Disappointment was of course intense throughout the neighborhood that they would not be home this summer.

“Perhaps,” said Mrs. Pascoe, with a meaning smile, “Mrs. Ashley’s state of health forbids her traveling?”

“As to that I cannot say,” I answered. “Ambrose mentioned in his letter that they had spent a week in Venice, and both of them came back with rheumatism.”

Her face fell. “Rheumatism? His wife also?” she said. “How very unfortunate.” And then, reflectively: “She must be older than I thought.”

Vacuous woman, her mind running upon one single train of thought. I had rheumatics in my knees at two years old. Growing pains, my elders told me. Sometimes, after rain, I have them still. For all that, there was some similarity between my mind and Mrs. Pascoe’s. My cousin Rachel aged some twenty years.
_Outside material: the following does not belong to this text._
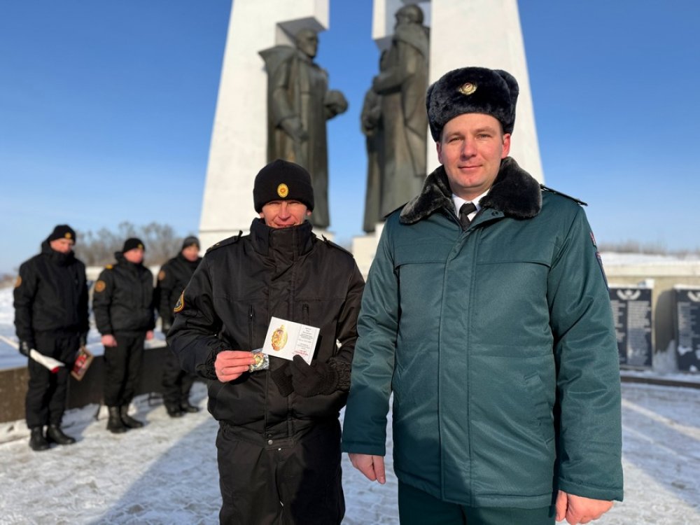 Алексей Михайлович вручил памятный нагрудный знак «165 лет пожарной службе» Дмитрию Лагунову, Андрею Ламеко и Олегу Цейкало.

She had gray hair once more, she even leaned upon a stick, and I saw her, when she wasn’t planting roses in that Italian garden which I could not picture, seated at a table, thumping with her stick on the floor, surrounded by some half-dozen lawyers all jabbering Italian, while my poor Ambrose sat patient at her side.

Why did he not come home and leave her to it?
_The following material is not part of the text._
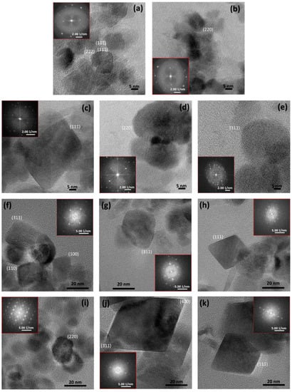HRTEM images of different NPs: (a,b) inorganic magnetite NPs, (c–e) MamC magnetite NPs, (f–h) Mms6 magnetite NPs, and (i–k) Mms6-MamC-mediated NPs. Selected areas of electron diffraction are shown for each sample. (Reprinted from [], license CC BY 4.0.)

My spirits rose, though, as the simpering bride gave place to the aging matron, racked with lumbago where it catches most. The nursery receded, and I saw the drawing room become a lady’s boudoir, hedged about with screens, huge fires burning even in midsummer, and someone calling to Seecombe in a testy voice to bring more coal, the draft was killing her. I took to singing once again when I went riding, urged the dogs after young rabbits, swam before breakfast, sailed Ambrose’s little boat about the estuary when the wind favored, and teased Louise about the London fashions when she went to spend the season there. At twenty-three it takes very little to make the spirits soar. My home was still my home. No one had taken it from me.

Then, in the winter, the tone of his letters changed. Imperceptible at first, I scarcely noticed it, yet on rereading his words I became aware of a sense of strain in all he said, some underlying note of anxiety creeping in upon him. Nostalgia for home in part, I could see that. A longing for his own country and his own possessions, but above all a kind of loneliness that struck me as strange in a man but ten months married. He admitted that the long summer and autumn had been very trying, and now the winter was unusually close. Although the villa was high, there was no air in it; he said he used to move about from room to room like a dog before a thunderstorm, but no thunder came. There was no clearing of the air, and he would have given his soul for drenching rain, even if it crippled him. “I was never one for headaches,” he said, “but now I have them frequently. Almost blinding at times. I am sick of the sight of the sun. I miss you more than I can say. So much to talk about, difficult in a letter. My wife is in town today, hence my opportunity to write.” It was the first time that he had used the words “my wife.” Always before he had said Rachel or “your cousin Rachel,” and the words “my wife” looked formal to me, and cold.

In these winter letters there was no talk of coming home, but always a passionate desire to know the news, and he would comment upon any little trifle I had told him in my letters, as though he held no other interest.

Nothing came at Easter, or at Whitsun, and I grew worried. I told my godfather, who said no doubt the weather was holding up the mails. Late snow was reported in Europe, and I could not expect to hear from Florence before the end of May. It was over a year now since Ambrose had been married, eighteen months since he had been home. My first relief at his absence, after his marriage, turned to anxiety that he would not return at all. One summer had obviously tried his health. What would a second do? At last, in July, a letter came, short and incoherent, totally unlike himself. Even his writing, usually so clear, sprawled across the page as if he had had difficulty in holding his pen.